Please return every line of the records below that holds the word "Kanals".

##### SOURCE RECORDS

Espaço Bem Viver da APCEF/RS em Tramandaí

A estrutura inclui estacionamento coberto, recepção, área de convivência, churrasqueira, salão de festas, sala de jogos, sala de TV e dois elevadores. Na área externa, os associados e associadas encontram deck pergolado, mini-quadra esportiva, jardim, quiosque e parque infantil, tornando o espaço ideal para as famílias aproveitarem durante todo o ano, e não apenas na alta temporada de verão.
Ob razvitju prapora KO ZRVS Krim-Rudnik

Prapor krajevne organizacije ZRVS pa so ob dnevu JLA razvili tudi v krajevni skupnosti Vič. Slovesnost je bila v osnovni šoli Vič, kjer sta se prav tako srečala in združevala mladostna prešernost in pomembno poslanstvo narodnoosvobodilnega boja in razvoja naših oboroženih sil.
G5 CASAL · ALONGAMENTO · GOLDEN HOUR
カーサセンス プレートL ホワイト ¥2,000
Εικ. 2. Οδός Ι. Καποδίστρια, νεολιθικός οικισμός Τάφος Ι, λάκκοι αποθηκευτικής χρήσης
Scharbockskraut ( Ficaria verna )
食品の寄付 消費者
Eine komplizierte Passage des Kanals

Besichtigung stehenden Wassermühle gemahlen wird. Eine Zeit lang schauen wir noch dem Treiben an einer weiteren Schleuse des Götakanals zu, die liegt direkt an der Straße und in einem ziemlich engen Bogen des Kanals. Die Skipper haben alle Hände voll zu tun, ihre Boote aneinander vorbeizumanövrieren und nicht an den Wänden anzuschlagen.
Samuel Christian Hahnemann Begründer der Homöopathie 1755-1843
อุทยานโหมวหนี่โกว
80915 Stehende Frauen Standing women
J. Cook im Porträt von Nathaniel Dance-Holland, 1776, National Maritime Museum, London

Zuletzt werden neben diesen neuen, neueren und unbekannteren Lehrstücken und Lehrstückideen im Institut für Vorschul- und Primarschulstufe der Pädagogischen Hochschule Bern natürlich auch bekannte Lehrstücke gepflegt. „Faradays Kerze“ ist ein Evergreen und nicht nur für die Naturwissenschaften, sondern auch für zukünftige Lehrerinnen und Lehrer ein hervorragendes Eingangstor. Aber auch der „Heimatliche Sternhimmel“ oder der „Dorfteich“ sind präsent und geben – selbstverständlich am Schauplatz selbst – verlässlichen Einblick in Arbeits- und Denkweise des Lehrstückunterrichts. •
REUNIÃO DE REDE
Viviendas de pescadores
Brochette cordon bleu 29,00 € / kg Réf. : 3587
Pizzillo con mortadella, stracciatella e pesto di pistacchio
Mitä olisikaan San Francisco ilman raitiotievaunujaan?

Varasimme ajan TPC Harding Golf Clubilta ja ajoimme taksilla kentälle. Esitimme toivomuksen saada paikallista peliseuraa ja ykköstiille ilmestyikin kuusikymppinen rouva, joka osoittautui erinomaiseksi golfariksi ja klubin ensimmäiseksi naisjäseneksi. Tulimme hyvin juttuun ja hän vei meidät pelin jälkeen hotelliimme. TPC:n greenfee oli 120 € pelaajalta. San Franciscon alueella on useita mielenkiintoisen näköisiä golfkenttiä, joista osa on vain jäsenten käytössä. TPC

##########

**YOUR RESPONSE:**
Eine komplizierte Passage des Kanals
Besichtigung stehenden Wassermühle gemahlen wird. Eine Zeit lang schauen wir noch dem Treiben an einer weiteren Schleuse des Götakanals zu, die liegt direkt an der Straße und in einem ziemlich engen Bogen des Kanals. Die Skipper haben alle Hände voll zu tun, ihre Boote aneinander vorbeizumanövrieren und nicht an den Wänden anzuschlagen.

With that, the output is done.